On Tue, Oct 27, 2009 at 09:41:41AM +0100, W.C.A. Wijngaards wrote:
So that, although you may use the root .com or example.com key
to validate www.example.com, the name 'example.com' was secure in
the chain of trust.
It is then a protection against some stale key for example.com
But that does not mean that example.com is allowed to become unsigned.
[â]
Many reasons to configure such anchors are exactly, say that example.com
is signed, but .com is not, and the root is. The ANY mechanism allows
the security to be downgraded by spoofing for example.com, which is why
I attempt to get some extra language about covering the domain name of
the closest anchor with a secure part of the chain (I mean, not
unsigned). And I am spending a lot of words on it, because people say
this is confusing.
For me, at least, all that the changes to dnssec-bis-updates should
say is that, if there are two paths for a validation of a given name,
using different trust anchors at different distances in the tree,
either one is as good as any other. You are, however, pointing out a
nasty consequence of the current proposal: when the closest TA does
not validate, and a distant TA does validate but there is an
intermediate zone that is unsigned, you move the target domain from
"bogus" to "insecure". I think this is a good point (but I didn't
understand what you were saying until this message. Sorry I'm so
thick).
Now, what bothers me about saying, for simplicity's sake, "Do
CLOSEST," (because the real issue is too hard to explain or
understand) is that we are almost guaranteeing false failures by
picking "CLOSEST". The usual response to this concern is, "Yes,
people have to be super-competent in operating their zones during
DNSSEC adoption." To me, that position flies in the face of all our
experience with the actual operation of the DNS. We know that there
are plenty of zones out there that are operated quite badly without
DNSSEC. We're asking either that, overnight, all those human errors
go away, or else that people accept that they have to trade
unreliability to get the security we are trying to sell them.

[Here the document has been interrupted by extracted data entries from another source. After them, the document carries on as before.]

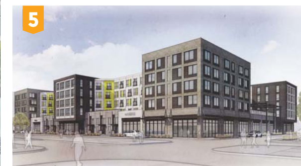
5 OPENING 4Q 2018 Mile High/Koelbel/LongsPeak 118 units/20k s.f. retail
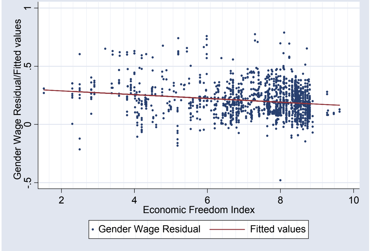
Figure1: Economic Freedom and the Gender Wage Residual
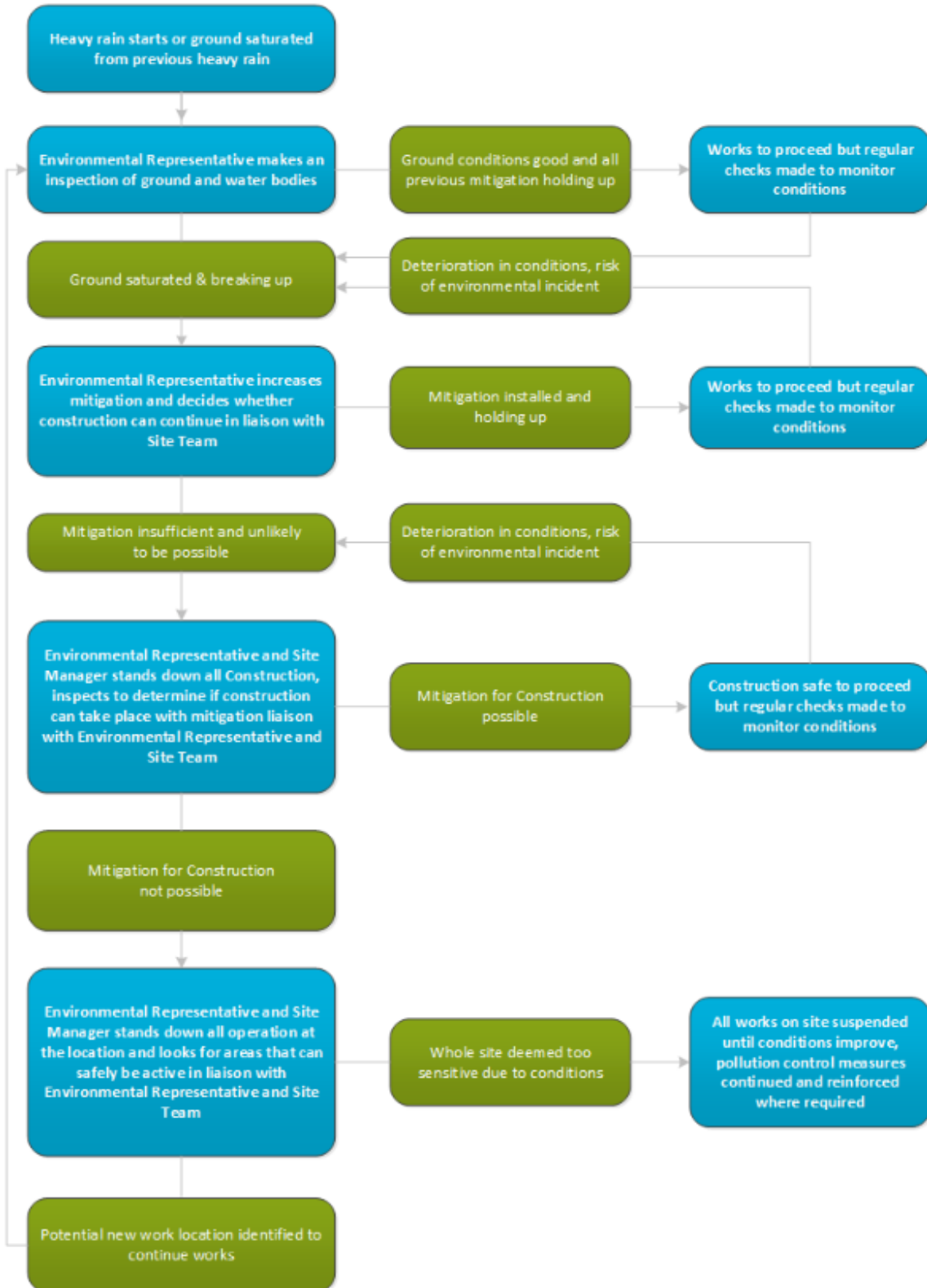
Figure 3 Wet Weather Decision Making Matrix

I believe that what will happen, if we stick with CLOSEST, is that a
number of domains will have nasty experiences with DNSSEC. The report
that ends up going to management when each outage happens will be,
"Due to DNSSEC, our domain became unavailable to CustomerC from
$starttime to $endtime." Management in each case will say, "How much
do we need this DNSSEC anyway?" Since the advantage of DNSSEC to the
publisher of the DNS data is not that great, the incentive will not be
strong to continue using it, and pretty soon this useful technology
will get a reputation as another complicated, doesn't-work thing that
should just be turned off.
Finally, the argument that there is an important downgrade available
under ANY depends on the premise that, in validating cases, there is a
valuable difference between "bogus" and "insecure". Mike StJohns has
argued strongly that, for practical purposes, if you are really going
to check validation you're not going to care what the reasons are that
something doesn't validate. If that's right, then there is no
_practical_ downgrade path here anyway. I don't know whether he's
right, however.
I therefore think that we ought to work on text that makes it clear
that the postive-validation paths are all just as good as one another,
but that a good security policy might prefer bogus over insecure paths
in case postive validation is not at all possible.